Orang yang bikin ini pasti berkarya, bukan hanya bekerja (@ Brunetti)

 
Merah, kuning, hijau di Victoria Market
#MBWT MELBOURNE

       Sabtu, 16 Agustus 2014. Can’t think of a better venue than this. Letaknya persis di tengah kota, tepat di seberang Victoria State Library. Kapasitasnya pas, akustik dan pencahayaannya bagus. Lebih dari 600 orang Indonesia di Melbourne datang dan terpingkal-pingkal nonton Pandji dan Krisna. Di momen perayaan kemerdekaan RI, Pandji sukses bikin orang terharu dan terhibur pada saat yang sama. Waktu aku merantau dulu, paling gak tahan denger lagu “Tanah Airku”, pasti langsung mewek. Dan lagu ini jadi pemantik mood di awal acara. Hampir seluruh bit Mesakke Bangsaku keluar, ditambah dengan satu bit baru yang berjudul “Cebok”, spesial untuk World Tour.
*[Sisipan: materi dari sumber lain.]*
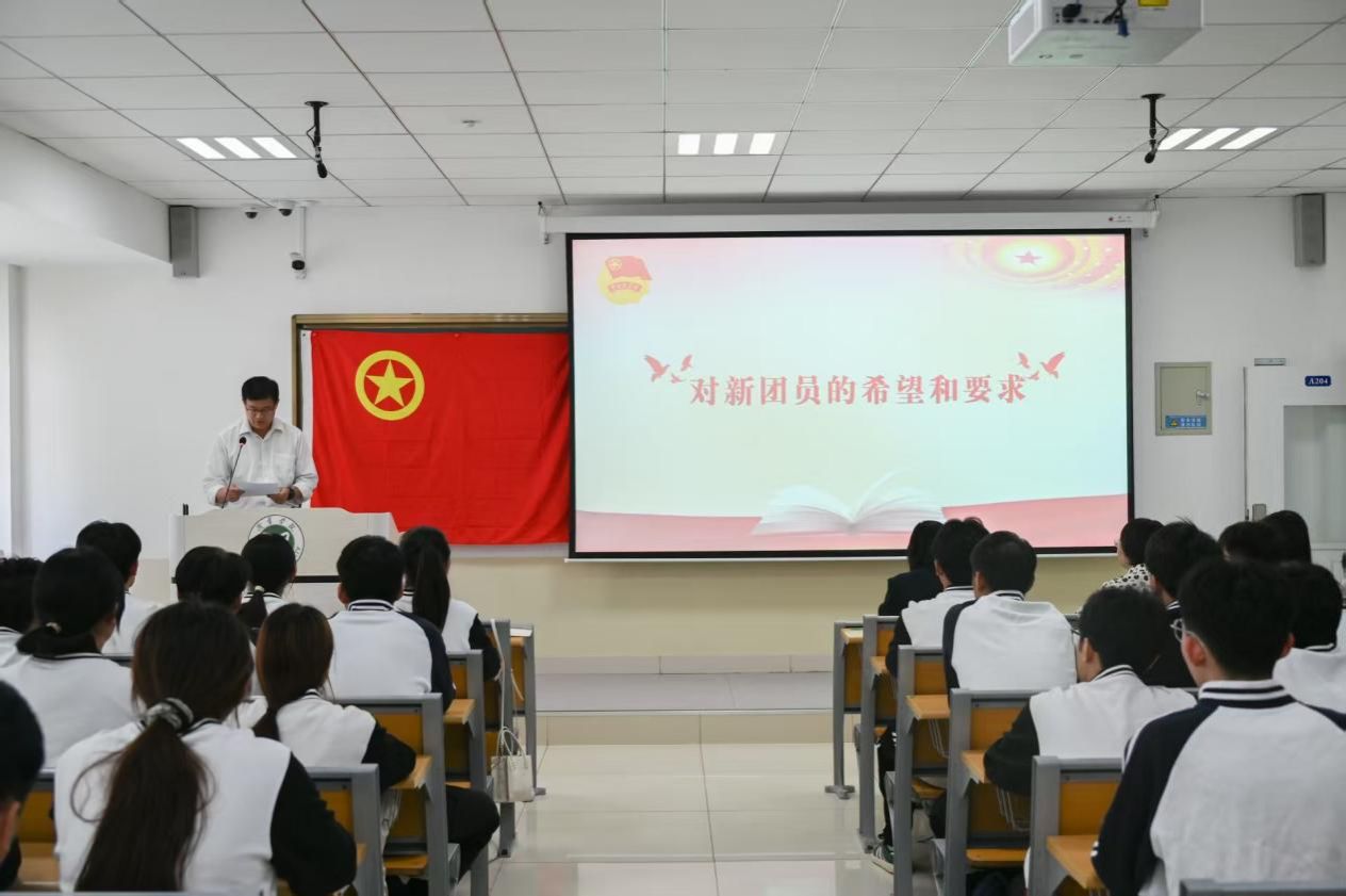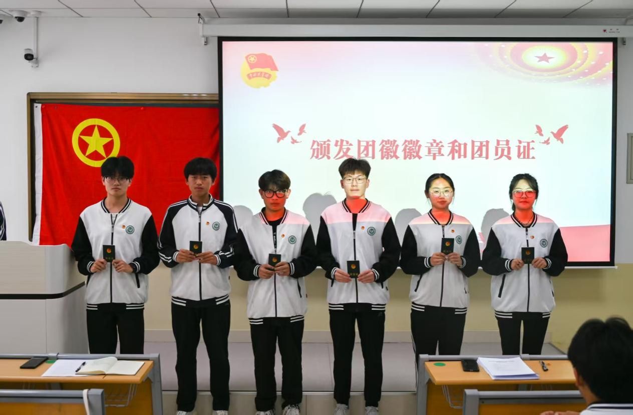 仪式在嘹亮的国歌声中拉开序幕。院团委书记赵杨洋宣读了新团员名单,并向全体新团员表示祝贺。随后,与会领导和老师为新团员佩戴团徽并颁发团员证。在新团员代表白继超同学的带领下,全体新团员面向团旗庄严宣誓,铿锵誓言展现了新时代青年的责任与担当。

Kalau kata orang bit itu lahir dari kegelisahan, aku tahu banget kalau bit ini sungguh lahir dari concern Pandji yang mendalam mengenai semprotan toilet di luar negeri. :D 

Kita habisi Melbourne malam ini!

       Pas bubaran, aku ketemu dengan beberapa teman yang tinggal di Melbourne (inilah salah satu alasan kenapa aku bersyukur bisa dapet ke Melbourne). Ada yang bilang “rahang gue sakit”, “bekas jahitan bengkak”, ada yang ga bisa bilang apa-apa lagi selain “keren, keren, dan keren”, dan ada juga yang gak bisa berhenti nyanyi “Cabe-cabean” yang dipopulerkan oleh Krisna Harefa. HAHAHA. Serius deh, Kris, gak ada yang tahu lagu ini sebelumnya. 

Teman SMA yang sudah 8 tahun gak ketemu :')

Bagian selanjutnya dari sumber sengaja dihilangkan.